I have defined the following config for the model:

from transformers import XLNetConfig, XLNetModel
config = XLNetConfig()

Now, I want to recreate my tokenizer in transformers:

from transformers import XLNetTokenizerFast

tokenizer = XLNetTokenizerFast.from_pretrained("tokenizer model")

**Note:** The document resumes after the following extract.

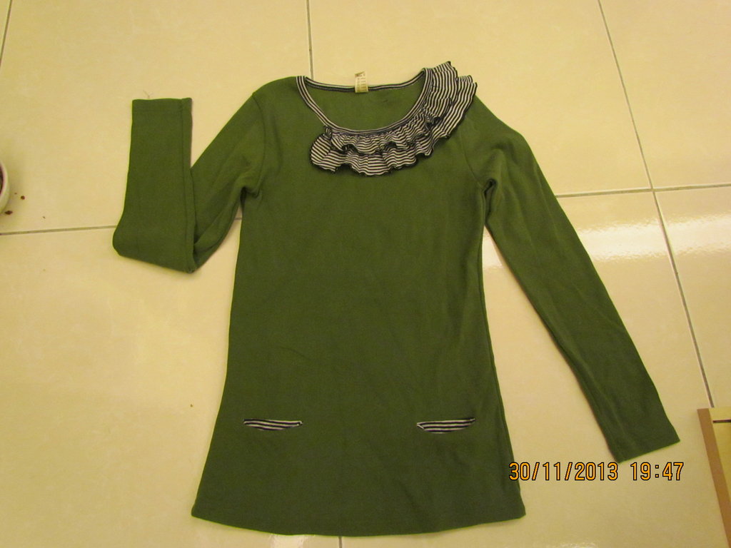 女長版綠色蕾邊上衣,有口袋, 五十元
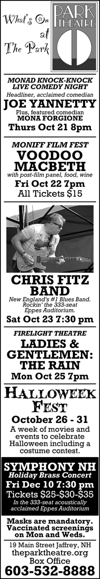 Oct 21, 2021. Park Theatre Shows & Theater Ads from Monadnock Ledger-Transcript

However, the following error appears:

File "dfgd.py", line 8, in <module>
    tokenizer = XLNetTokenizerFast.from_pretrained("tokenizer model")
  File "C:\Users\DSP\AppData\Roaming\Python\Python37\site-packages\transformers\tokenization_utils_base.py", line 1777, in from_pretrained
    raise EnvironmentError(msg)
OSError: Can't load tokenizer for 'tokenizer model'. Make sure that:

- 'tokenizer model' is a correct model identifier listed on 'https://huggingface.co/models'

- or 'tokenizer model' is the correct path to a directory containing relevant tokenizer files

What should I do?

  • Is the `tokenizer model` just a replacement for the full path? – cronoik Feb 20 '21 at 15:58
  • pretrained_model_name_or_path (`str` or `os.PathLike`, optional), [here](https://huggingface.co/transformers/main_classes/model.html#transformers.PreTrainedModel.from_pretrained) – Shijith Feb 20 '21 at 16:06
  • The tokenizer model is a replacement for the full path of the folder in which the two files are saved. –  Feb 20 '21 at 16:11
  • When this folder only contains those two files, you can not use the `from_pretrained` method as it requires a `tokenizer_config.json`. Add this and it will work directly. @BNoor – cronoik Feb 21 '21 at 07:40

1 Answers1

2

Instead of

tokenizer = XLNetTokenizerFast.from_pretrained("tokenizer model")

you should write:

from tokenizers.implementations import ByteLevelBPETokenizer
tokenizer = ByteLevelBPETokenizer(
    "tokenizer model/vocab.json",
    "tokenizer model/merges.txt",
)